TASK TO COMPLETE ::
Print the entries below exactly as they appear, from the first line up to and including the line with "mit gegrillten Auberginen, Mozzarella, Rucola, roten". Do not print any pictures.

MATERIAL FOR THIS EXERCISE ::
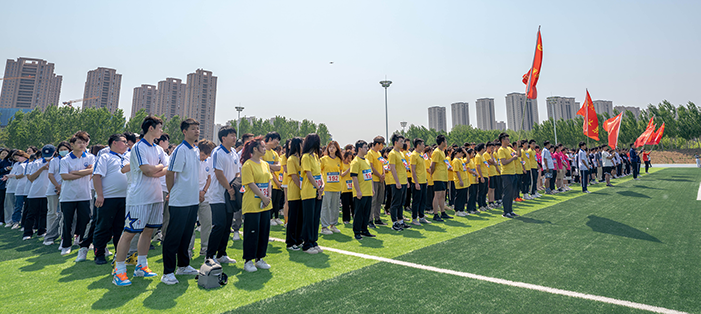 为全面贯彻落实习近平总书记关于体育教育的重要论述和全国教育大会精神,构建德智体美劳全面培养的育人体系,进一步丰富学生校园体育文化活动,让广大学生在体育锻炼中享受乐趣、增强体质、健全人格、锤炼意志,5月10日,我校2023年大学生体育文化节开幕式暨春季校园马拉松赛在南校区正式拉开帷幕。校领导耿乃国、孙玉红、袁德成、王鸿鹏、高洪震、郭秀丽、张磊出席活动。学校各职能部门负责人,各系主任、党总支书记、团委书记、教师代表、学生代表和参赛运动员近2000余人参加活动。开幕式由校团委书记宋和发主持。
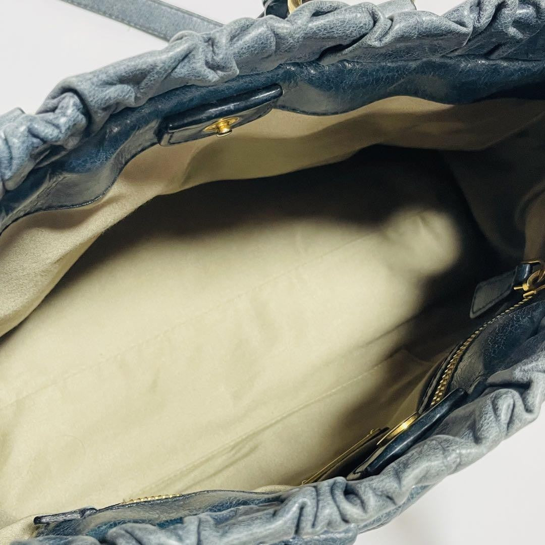 Authentic PreOwned miu miu Vitello Lux Ribbon 2way Bag Nav Rare color navy **Size**(Approx.) Height: 22 cm, width: 32.5 cm, gusset: 12 cmConditionOverall, the item is in beautiful condition.
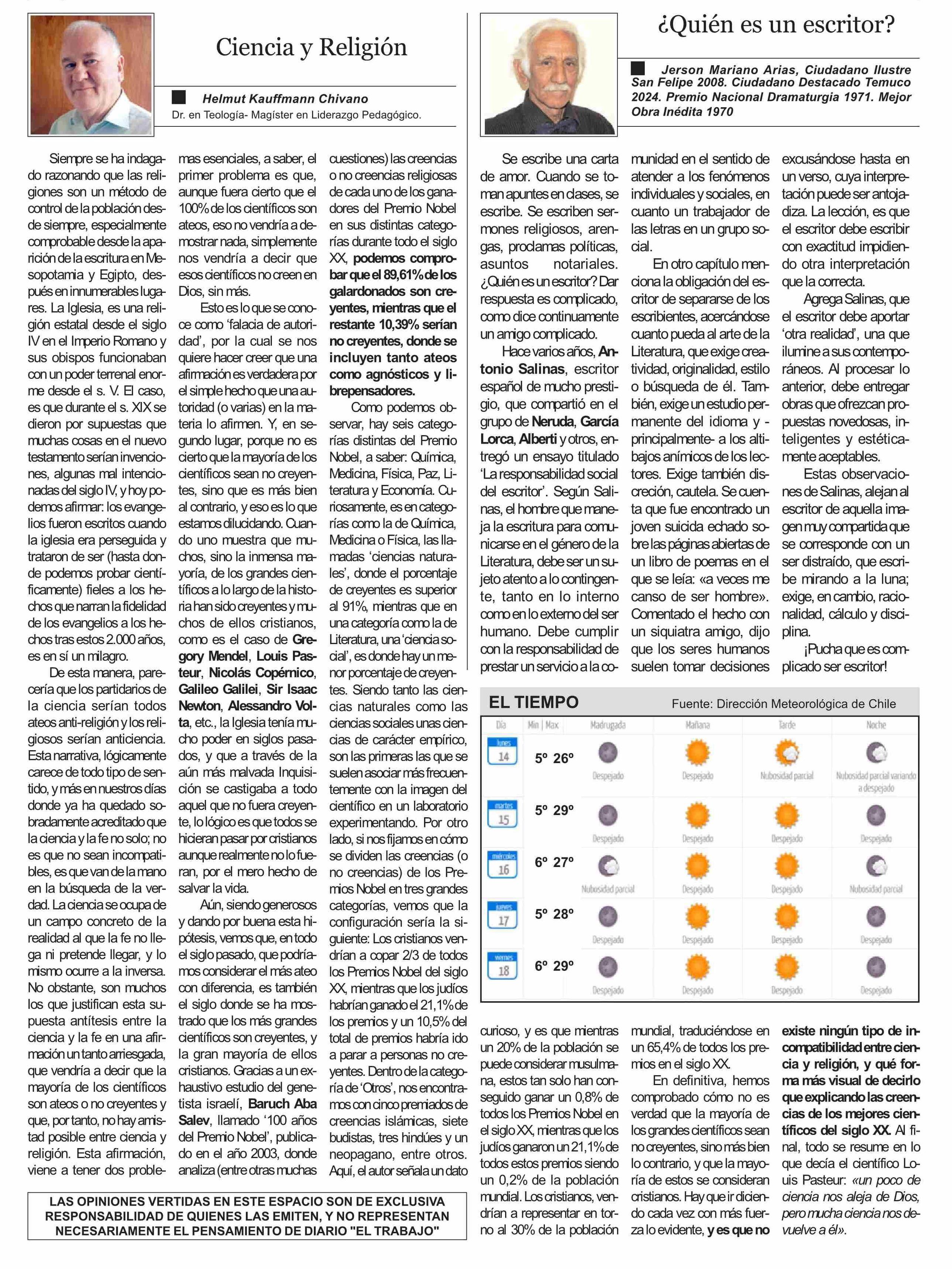 COLUMNAS DE OPINIÓN: Ciencia y Religión 14-04-2025 El Trabajo |
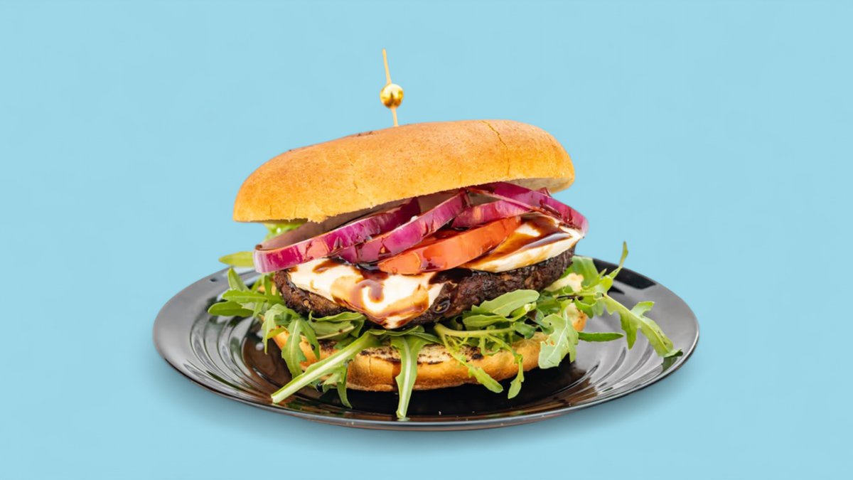 mit gegrillten Auberginen, Mozzarella, Rucola, roten Zwiebeln, Balsamicocreme und Burgersoße
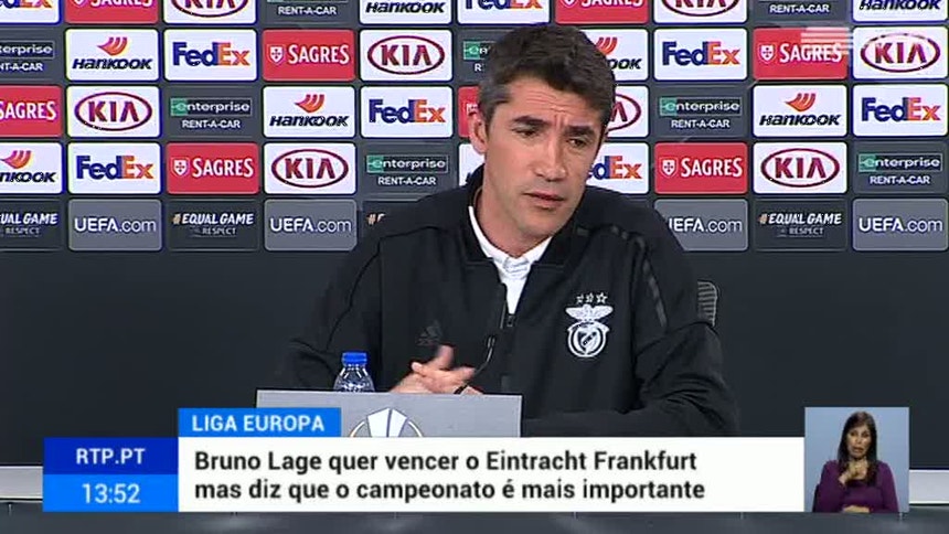 Desporto Bruno Lage dá prioridade ao campeonato O Benfica recebe o Eintracht de Frankfurt na primeira mão dos quartos de final da Liga Europa. Bruno Lage quer vencer mas dá prioridade ao campeonato. RTP / VER MAIS PUB

RESPONSE TO THE TASK ::
 为全面贯彻落实习近平总书记关于体育教育的重要论述和全国教育大会精神,构建德智体美劳全面培养的育人体系,进一步丰富学生校园体育文化活动,让广大学生在体育锻炼中享受乐趣、增强体质、健全人格、锤炼意志,5月10日,我校2023年大学生体育文化节开幕式暨春季校园马拉松赛在南校区正式拉开帷幕。校领导耿乃国、孙玉红、袁德成、王鸿鹏、高洪震、郭秀丽、张磊出席活动。学校各职能部门负责人,各系主任、党总支书记、团委书记、教师代表、学生代表和参赛运动员近2000余人参加活动。开幕式由校团委书记宋和发主持。
 Authentic PreOwned miu miu Vitello Lux Ribbon 2way Bag Nav Rare color navy **Size**(Approx.) Height: 22 cm, width: 32.5 cm, gusset: 12 cmConditionOverall, the item is in beautiful condition.
 COLUMNAS DE OPINIÓN: Ciencia y Religión 14-04-2025 El Trabajo |
 mit gegrillten Auberginen, Mozzarella, Rucola, roten Zwiebeln, Balsamicocreme und Burgersoße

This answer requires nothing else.